250. Part Completion Checklist
You are done if you can:
- distinguish failure and fallout;
- classify technical, business, operational, commercial, and unknown outcomes;
- model Fallout Case lifecycle;
- assign accountable owners and SLAs;
- design safe operator commands;
- make recovery and compensation idempotent;
- preserve irreversible and residual outcomes;
- reconcile state across Order, fulfillment, Inventory, Billing, and supplier systems;
- audit every manual change;
- and create an internal fallout/recovery verification backlog.
251. Key Takeaways
- Fallout is a managed exception lifecycle, not a failed status.

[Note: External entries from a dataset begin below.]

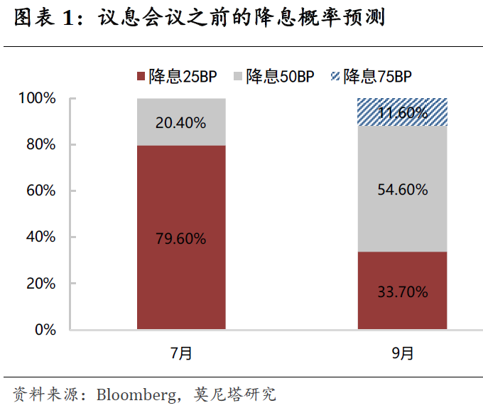 由于美联储在此之前的预期指引,包括鲍威尔在国会听证会的发言以及美联储官员的表态等,市场对本次降息25BP的预期已经十分充分。根据CME的数据,在会议之前,市场对7月降息25BP的预测概率为79.6%,降息50BP的概率为20.4%;9月降息25BP的概率为33.7%,降息50BP的概率为54.6%,降息75BP的概率为11.6%(9月份的概率为累计值,不是当月值)(图表1)。因此,本次降息时间与幅度完全符合市场预期,但是本次会议并没有点阵图,没有给出未来的利率指引。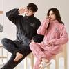 Парный комплект пижамы из кораллового флиса с рисунком - мужская и женская фланель на молнии для осени/зимы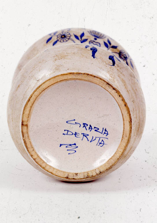 - NOTIZIE STORICO CRITICHE L'albarello è stato realizzato a Deruta, intorno al 1960, da Antonio Margaritelli con manifattura Società Anonima Industria Maioliche Giuseppe Grazia. \nSi tratta di un'imitazione di albarelli derutesi della seconda metà del Seicento, facente parte del corredo della farmacia Cherubini di Deruta che pare commissionasse alla fabbrica Grazia, nei primi anni sessanta del XX secolo, alcune copie, poi eseguite dal pittore Antonio Margaritelli, attivo presso questa manifattura tra il 1952 e il 1970.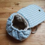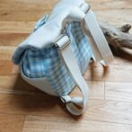 お名前刺繍入り星のブローチベビーリュック(水色チェック)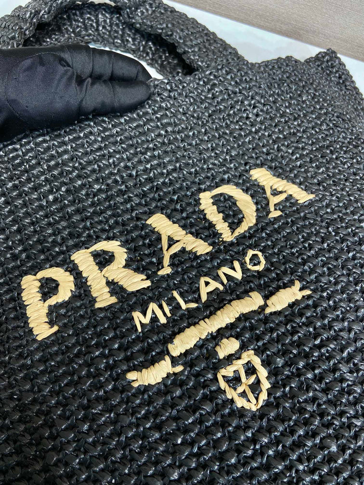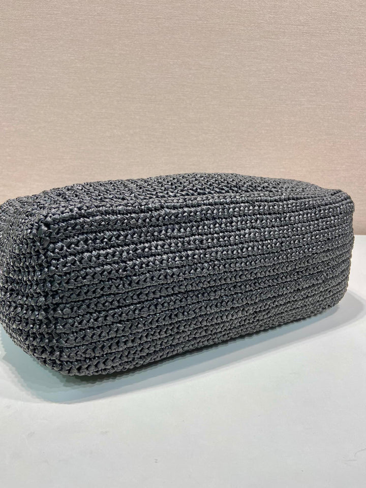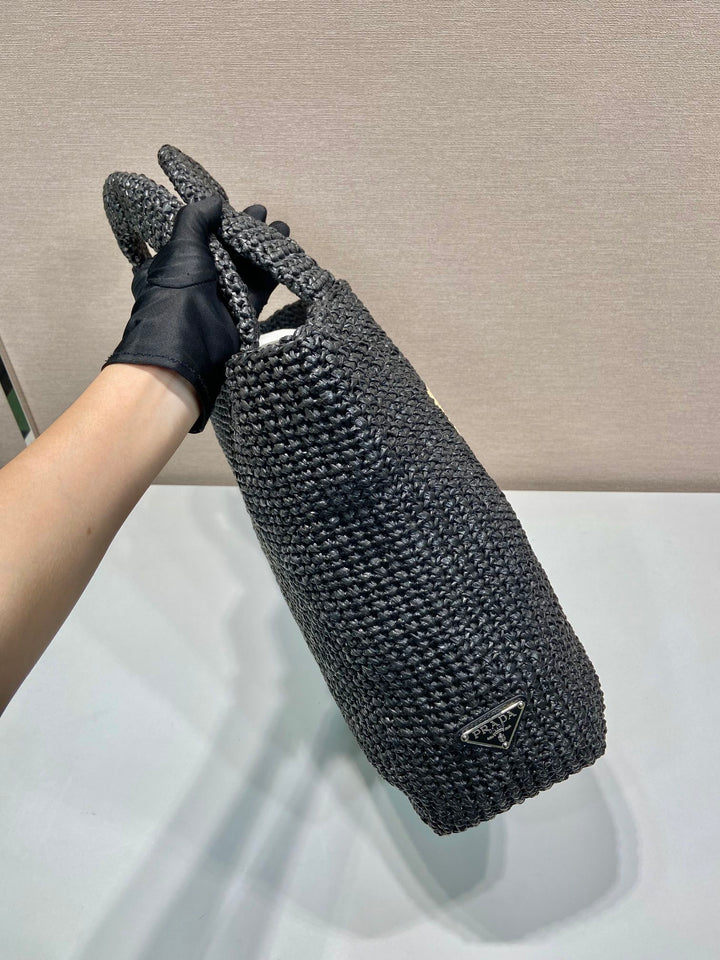 LARGE CROCHET TOTE BAG 47 IN BLACK MIX YELLOW RAFFIA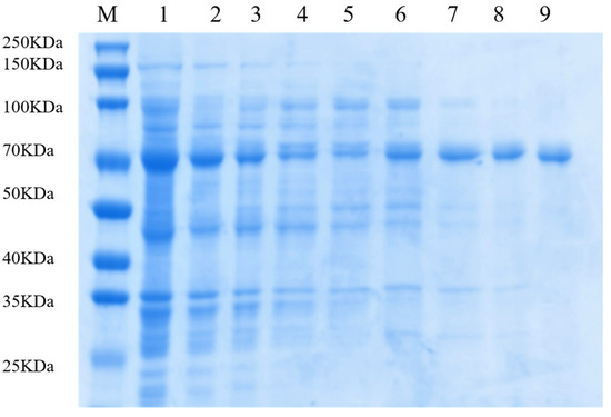 After PsDex1711 was successfully expressed under the optimal expression conditions, Ni NTA was used for affinity chromatography purification; the results are presented in Figure 2. After elution with different concentrations of imidazole solution, the miscellaneous protein gradually decreased. It was detected through 10% SDS-PAGE gel electrophoresis. The results showed that 300 mM imidazole had the best elution effect on the miscellaneous protein, and a single band having a molecular weight of approximately 70 kDa was obtained, which was consistent with the results of bioinformatics analysis.

- Unknown outcome must be reconciled before retry.
- Owner, assignee, and authority are different.
- Operators need explicit domain commands.
- Compensation is a forward remedial action, not perfect rollback.
- Residual effects must remain visible.
- Operational recovery cannot silently change accepted commercial intent.
- Closure requires evidence and reconciliation.
- Systemic fallout needs controlled bulk remediation.
- Internal CSG fallout and recovery processes must be verified.
252. References
Conceptual baseline:
- General enterprise and telecom order fallout, exception management, and manual-recovery practices.
- Saga compensation, durable workflow, idempotent commands, and ambiguous-outcome reconciliation.
- Domain-Driven Design explicit commands, aggregates, policies, audit, and authority boundaries.
- Product Order, Service Order, Resource Order, Inventory, Billing, and supplier-integration reconciliation patterns.
These references do not define internal CSG fallout queues, operator tools, or recovery implementation.